**DATA FOR PROCESSING**
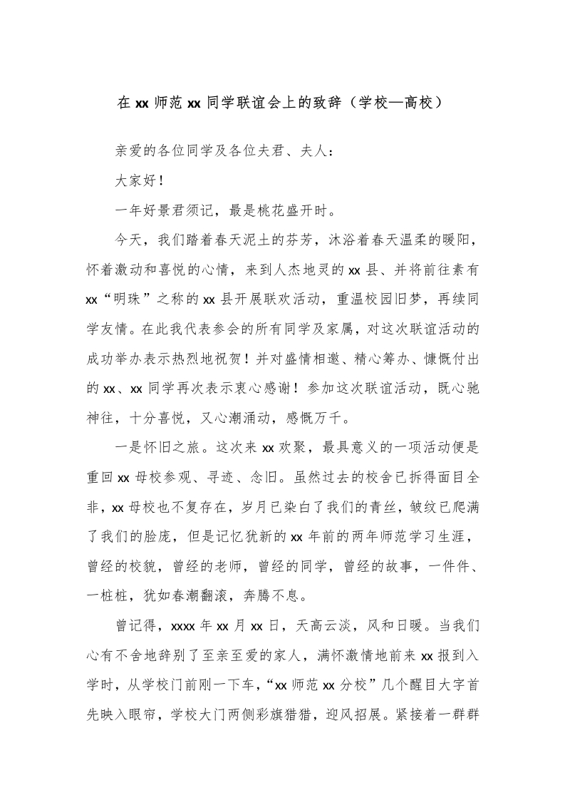 在x师范x同学联谊会上的致辞(学校一高校)亲爱的各位同学及各位夫君、夫人:大家好!一年好景君须记,最是桃花盛开时。今天,我们踏着春天泥土的芬芳,沐浴着春天温柔的暖阳,怀着激动和喜悦的心情,来到人杰地灵的双县、并将前往素有x“明珠”之称的双县开展联欢活动,重温校园旧梦,再续同学友情。在此我代表参会的所有同学及家属,对这次联谊活动的成功举办表示热烈地祝贺!并对盛情相邀、精心筹办、慷慨付出的x、x同学再次表示衷心感谢!参加这次联谊活动,既心驰神往,十分喜悦,又心潮涌动,感慨万千。一是怀旧之旅。这次来xx欢聚,最具意义的一项活动便是重回x母校参观、寻迹、念旧。虽然过去的校舍已拆得面目全非,x母校也不复存在,岁月已染白了我们的青丝,皱纹已爬满了我们的脸庞,但是记忆犹新的x年前的两年师范学习生涯,曾经的校貌,曾经的老师,曾经的同学,曾经的故事,一件件、一桩桩,犹如春潮翻滚,奔腾不息。曾记得,xxx年x月x日,天高云淡,风和日暖。当我们心有不舍地辞别了至亲至爱的家人,满怀激情地前来x报到入学时,从学校门前刚一下车,“x师范x分校”几个醒目大字首先映入眼帘,学校大门两侧彩旗猎猎,迎风招展。紧接着一群群
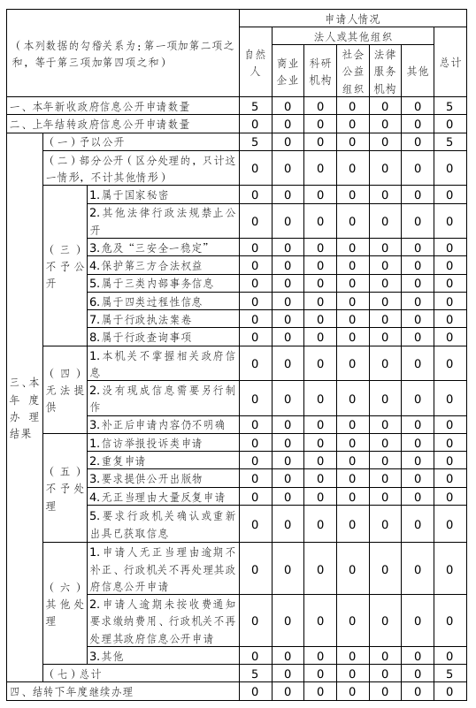 三、收到和处理政府信息公开申请情况
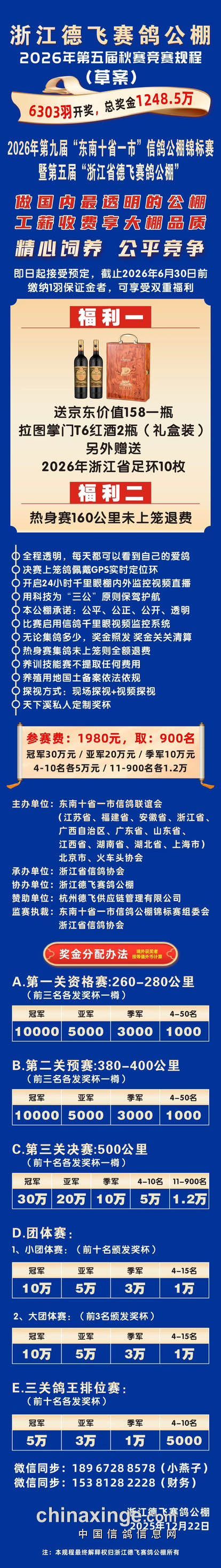 希望以上信息能够帮助到您。如果您对浙江德飞赛鸽公棚(秋棚)还有其他问题或想了解更多详情,建议直接联系公棚或通过其官方渠道进行查询。
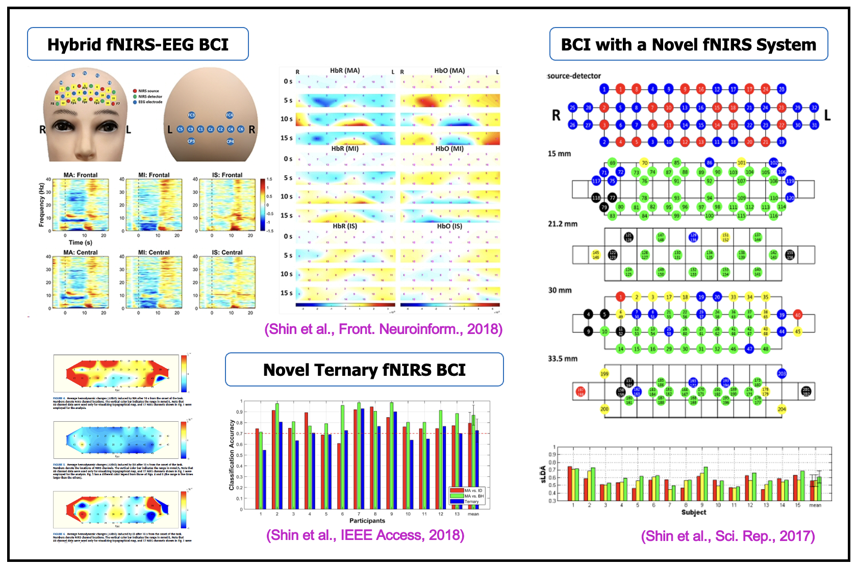 <2017년부터 현재까지 발표한 fNIR기반 BCI 논문의 대표 결과 모음 - 그림 클릭하면 확대>
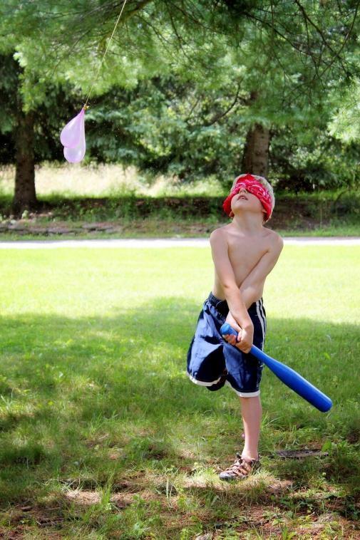 准备:海绵泡沫棒、水球若干、眼罩。
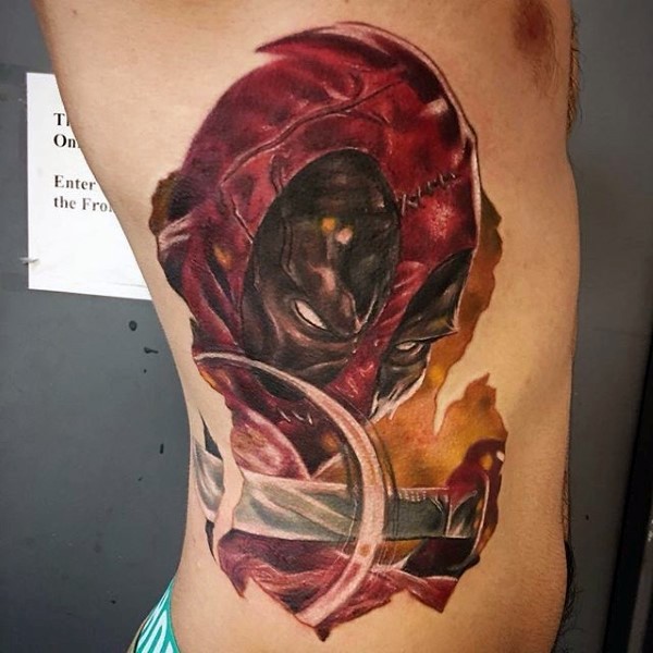 侧肋恐怖风格邪恶血腥死侍纹身图案

**WORK REQUIRED**
Return the material word for word. Pictures are not part of the copy.

**SOLUTION TO THE EXERCISE**
 在x师范x同学联谊会上的致辞(学校一高校)亲爱的各位同学及各位夫君、夫人:大家好!一年好景君须记,最是桃花盛开时。今天,我们踏着春天泥土的芬芳,沐浴着春天温柔的暖阳,怀着激动和喜悦的心情,来到人杰地灵的双县、并将前往素有x“明珠”之称的双县开展联欢活动,重温校园旧梦,再续同学友情。在此我代表参会的所有同学及家属,对这次联谊活动的成功举办表示热烈地祝贺!并对盛情相邀、精心筹办、慷慨付出的x、x同学再次表示衷心感谢!参加这次联谊活动,既心驰神往,十分喜悦,又心潮涌动,感慨万千。一是怀旧之旅。这次来xx欢聚,最具意义的一项活动便是重回x母校参观、寻迹、念旧。虽然过去的校舍已拆得面目全非,x母校也不复存在,岁月已染白了我们的青丝,皱纹已爬满了我们的脸庞,但是记忆犹新的x年前的两年师范学习生涯,曾经的校貌,曾经的老师,曾经的同学,曾经的故事,一件件、一桩桩,犹如春潮翻滚,奔腾不息。曾记得,xxx年x月x日,天高云淡,风和日暖。当我们心有不舍地辞别了至亲至爱的家人,满怀激情地前来x报到入学时,从学校门前刚一下车,“x师范x分校”几个醒目大字首先映入眼帘,学校大门两侧彩旗猎猎,迎风招展。紧接着一群群
 三、收到和处理政府信息公开申请情况
 希望以上信息能够帮助到您。如果您对浙江德飞赛鸽公棚(秋棚)还有其他问题或想了解更多详情,建议直接联系公棚或通过其官方渠道进行查询。
 <2017년부터 현재까지 발표한 fNIR기반 BCI 논문의 대표 결과 모음 - 그림 클릭하면 확대>
 准备:海绵泡沫棒、水球若干、眼罩。
 侧肋恐怖风格邪恶血腥死侍纹身图案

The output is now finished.